I believe that heroism is any act that involves the abandonment of one’s own needs for the good of another. The greater the sacrifice, the more heroic the individual is. A hero is a person who acts selflessly to help others. Suicide bombing, killing oneself in the process of intentionally killing others is the antithesis of heroism, since it is intended to harm others.

Some have claimed that acts of war heroes, who risk their lives to rescue a fallen soldier, or cover a grenade with their bodies, are acts of temporary insanity. Since self -preservation is a basic human need, the undertaking of an extremely risky behavior with a low probability of success may be termed “insane”, illogical or unnatural. That, however, is also the highest moral impulse- to save a life or lives. When questioned later, those heroes who survive, recall that their only compelling consideration was of saving others, they never even considered the risk to themselves. Were they insane or saintly?

I also believe that good people possess the capacity for self-sacrifice in the service of another’s well being. If we term this loving behavior everyday-heroism, most of you have exhibited it in your lives many times.
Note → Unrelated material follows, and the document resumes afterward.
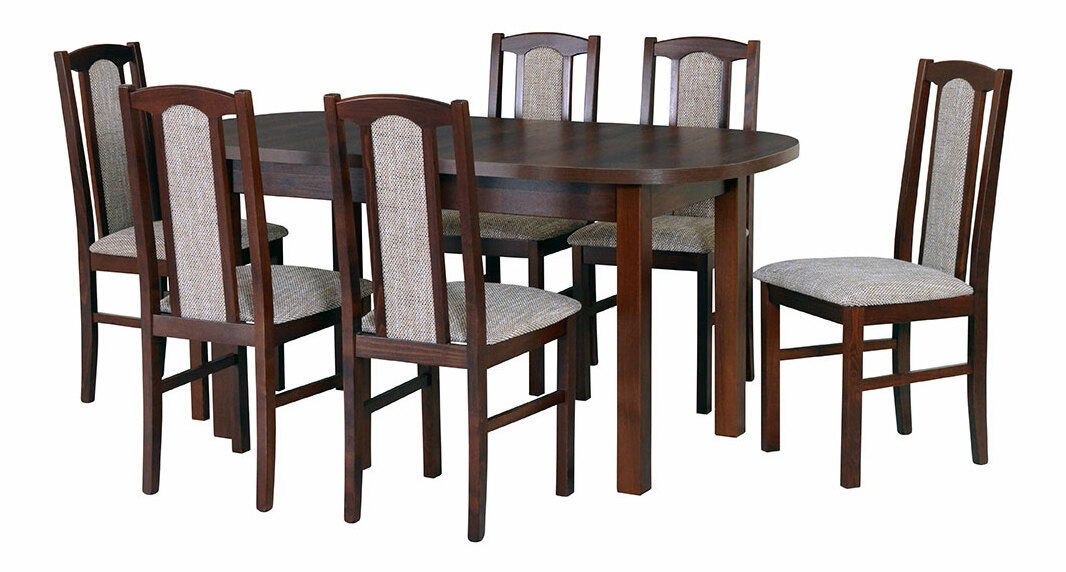 ZobraziťJedálenský set Eliat je elegantný a rustikálny set, ideálny pre 6 až 8 osôb. Je k dispozícii vo viacerých farebných prevedeniach a pohodlne pri ňom usadíte nielen rodinu, ale i zopár hostí. Po rozložení sa pri ňom pohodlne zmestí až osem osôb. Stôl má rozmery 76 x 160-200 x 80 cm a doska stola je vyrobená z laminátu s hrúbkou 32 mm. Hrúbka nôh je 65 x 65 mm a stolička má nosnosť 120 kg. Pri výbere iného farebného prevedenia, než je na obrázku, je požadovaná záloha 50% z ceny vopred. Rozmery balíka č.1 sú 165x16,5x84 cm a váži 34,6 kg. Rozmery balíka č.2 sú 100x55x43 cm a váži 11,4 kg.

For example, I know of a woman who cooks, serves and visits an unrelated elderly man on a weekly basis. She doesn’t save his life, but enhances it, with a small time-consuming commitment on her part. Yes, she probably gets the satisfaction of doing a kind deed, but that certainly is not what motivates her. Her life is full with many other personal and family obligations. Yet, she inconveniences herself weekly, for several years, to do what is kind and loving.

We all know many other people who extend themselves to do kind deeds for the sake of others. We know of many volunteers, good neighbors, good Samaritans for whom, at times, the well being of another takes priority over their own. Those are the everyday -heroes.

Ask yourself: “when last did I sacrifice some of my free time, convenience, resources and energy to help another? Did I do this for a reward, or was it done out of pure love and concern?” When you count the ways, you will find that you too, are an everyday-hero.

One small way that we as individuals can defy terrorism is to exercise our freedom to help others. We can continue to be united in our connection to each other and learn from the real heroes about love and sacrifice.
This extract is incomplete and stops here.